### ABOUT THIS TASK
Print the line containing "La Municipalidad informa" and all lines after it, unchanged, through the end of the data. Leave the pictures out.

### COLLECTED DATA

________________

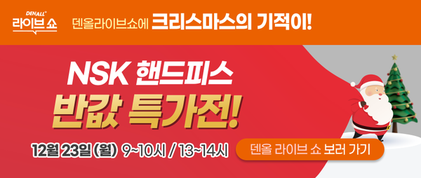 [덴탈뉴스=홍혜진 기자] 우수한 품질의 제품을 합리적인 가격에 선보여 치과의사들에게 호평받는 덴올 라이브쇼가 크리스마스를 맞아 23일 반값 특가 할인전을 진행한다. 이번 특가전에서는 핸드피스의 명가 NSK社에서 제조한 OSSTEM 핸드피스를 특별한 가격에 구입할 수 있도록 구성했다.
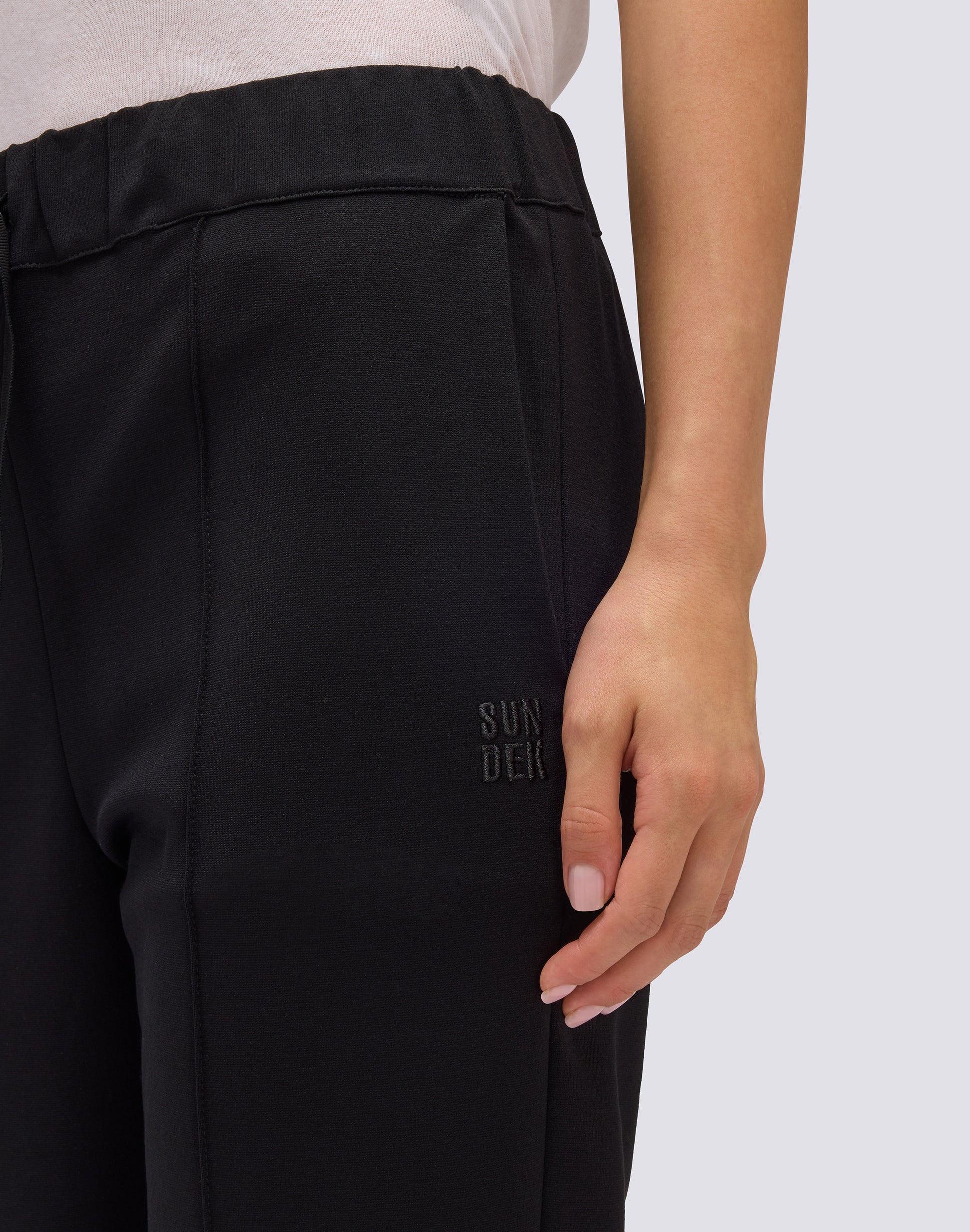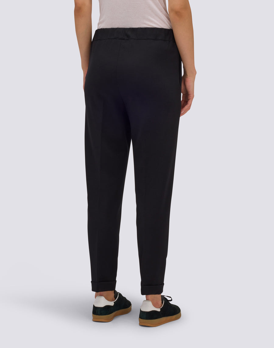 Pantaloni lunghi donna in punto Milan con coulisse regolabile in vita, tasche laterali, piega frontale centrale e orli fissi con risvolto. Fit a sigaretta. Vestibilità slim.
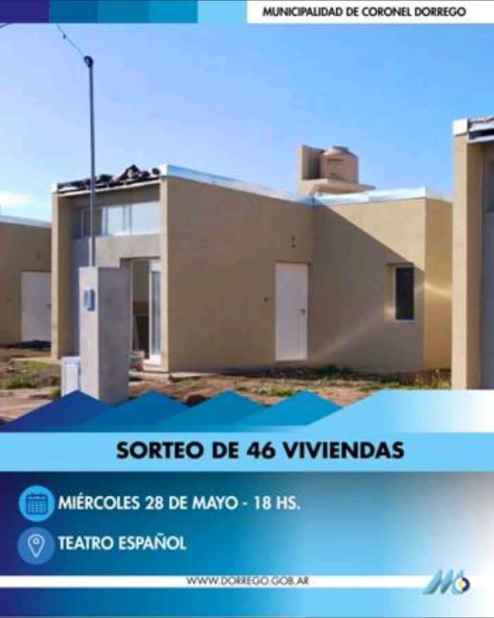 La Municipalidad informa que este miércoles 28 de mayo en el Teatro Español a las 18, se realizará el Sorteo de las 46 Viviendas del Programa Bonaerense II.
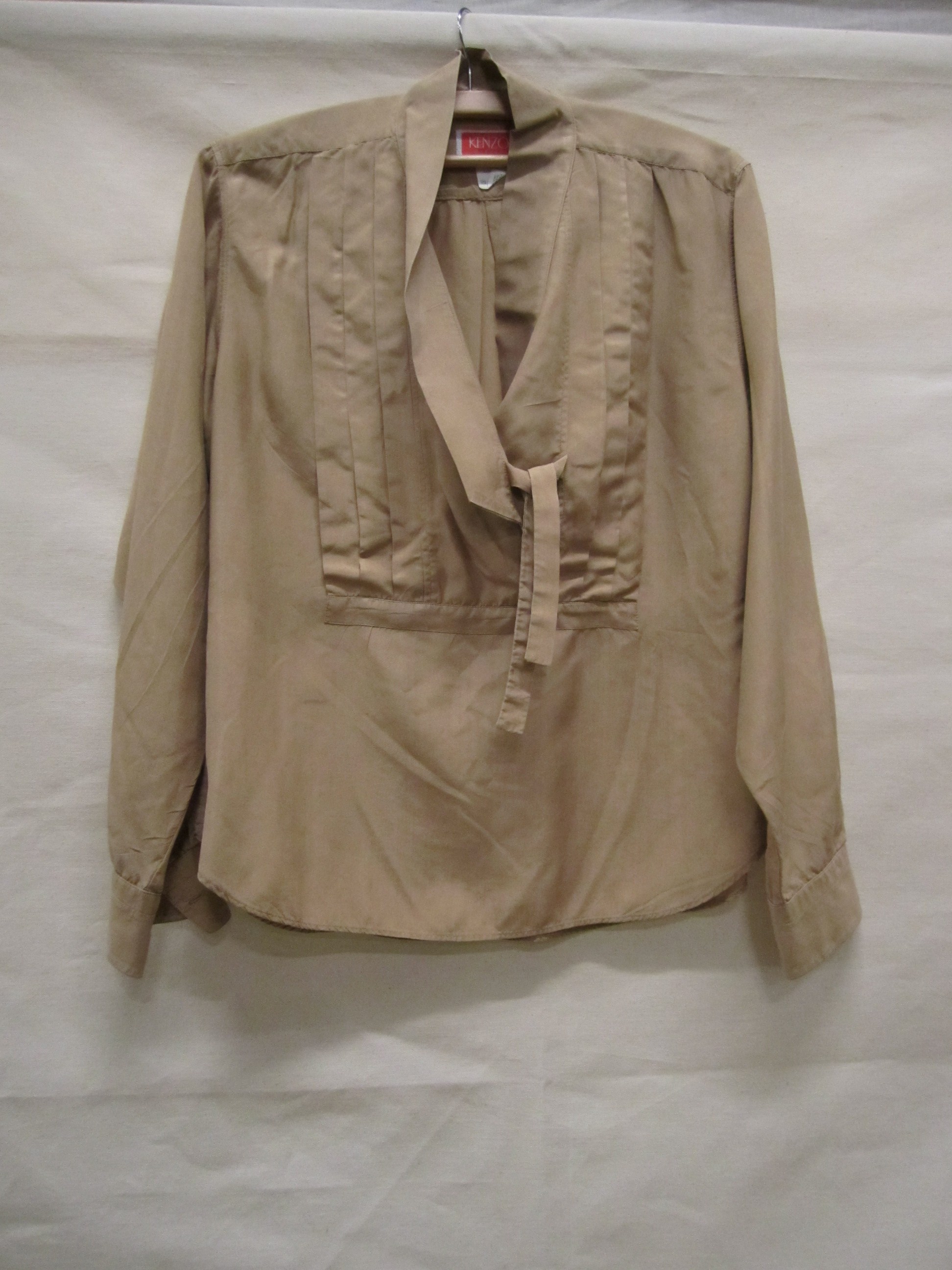 Blouse van beige zijde met 'plastron' van pl...

________________

### TASK RESPONSE
 La Municipalidad informa que este miércoles 28 de mayo en el Teatro Español a las 18, se realizará el Sorteo de las 46 Viviendas del Programa Bonaerense II.
 Blouse van beige zijde met 'plastron' van pl...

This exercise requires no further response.